• [PROBLEM TO WORK ON]: Starting from the line with "主打大内存和长续航。这款手机采用了水滴屏设计和全新雾面霜花工艺,外观时尚独特。" and going up to and including the line with "2022年5月20日下午,第", copy the listing below exactly. Leave all images out.

• [ENTRIES PROVIDED]:
↓

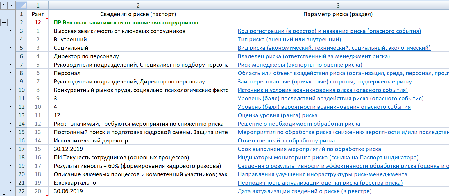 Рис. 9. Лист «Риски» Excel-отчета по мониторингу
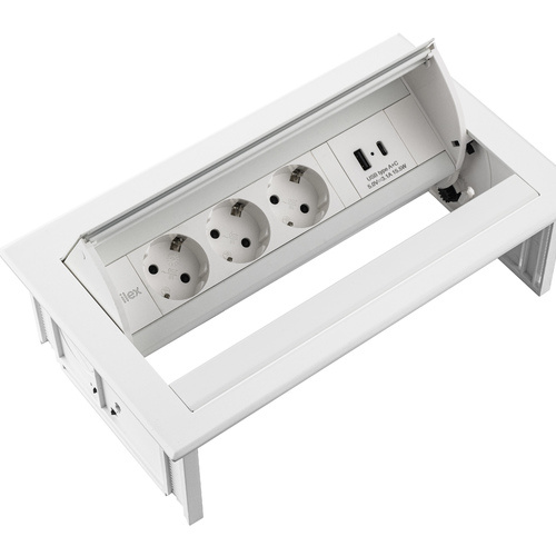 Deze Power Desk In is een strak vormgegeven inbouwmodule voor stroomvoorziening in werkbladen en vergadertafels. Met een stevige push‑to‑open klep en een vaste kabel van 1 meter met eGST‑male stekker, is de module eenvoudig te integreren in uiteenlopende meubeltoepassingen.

↑
↓

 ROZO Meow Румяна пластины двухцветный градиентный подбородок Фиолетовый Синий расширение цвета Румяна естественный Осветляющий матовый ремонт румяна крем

↑
↓

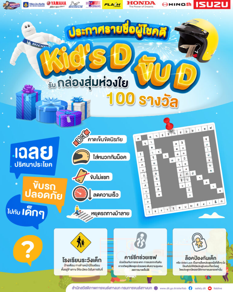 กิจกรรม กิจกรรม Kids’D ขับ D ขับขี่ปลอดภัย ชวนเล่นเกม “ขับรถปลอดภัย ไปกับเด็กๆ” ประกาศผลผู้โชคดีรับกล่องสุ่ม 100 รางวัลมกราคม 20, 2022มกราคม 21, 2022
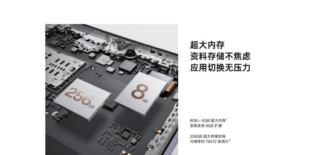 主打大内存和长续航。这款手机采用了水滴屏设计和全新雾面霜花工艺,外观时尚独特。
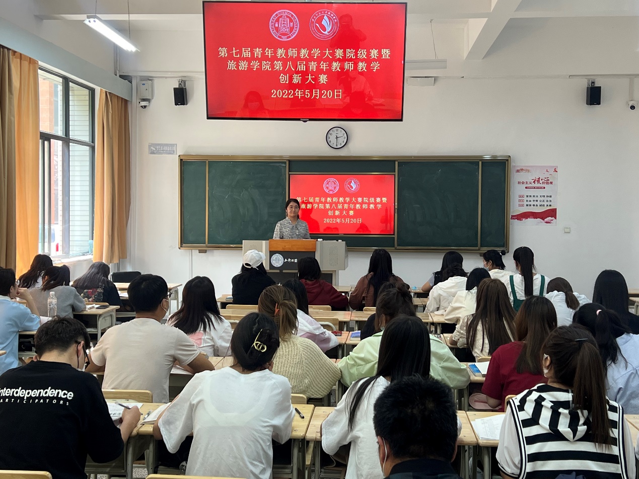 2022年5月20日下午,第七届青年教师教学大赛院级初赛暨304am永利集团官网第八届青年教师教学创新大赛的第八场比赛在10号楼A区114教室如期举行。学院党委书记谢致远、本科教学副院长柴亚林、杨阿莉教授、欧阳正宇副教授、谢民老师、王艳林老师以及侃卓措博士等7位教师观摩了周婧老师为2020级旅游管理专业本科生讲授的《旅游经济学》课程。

↑

• [SOLVED EXERCISE]:
 主打大内存和长续航。这款手机采用了水滴屏设计和全新雾面霜花工艺,外观时尚独特。
 2022年5月20日下午,第七届青年教师教学大赛院级初赛暨304am永利集团官网第八届青年教师教学创新大赛的第八场比赛在10号楼A区114教室如期举行。学院党委书记谢致远、本科教学副院长柴亚林、杨阿莉教授、欧阳正宇副教授、谢民老师、王艳林老师以及侃卓措博士等7位教师观摩了周婧老师为2020级旅游管理专业本科生讲授的《旅游经济学》课程。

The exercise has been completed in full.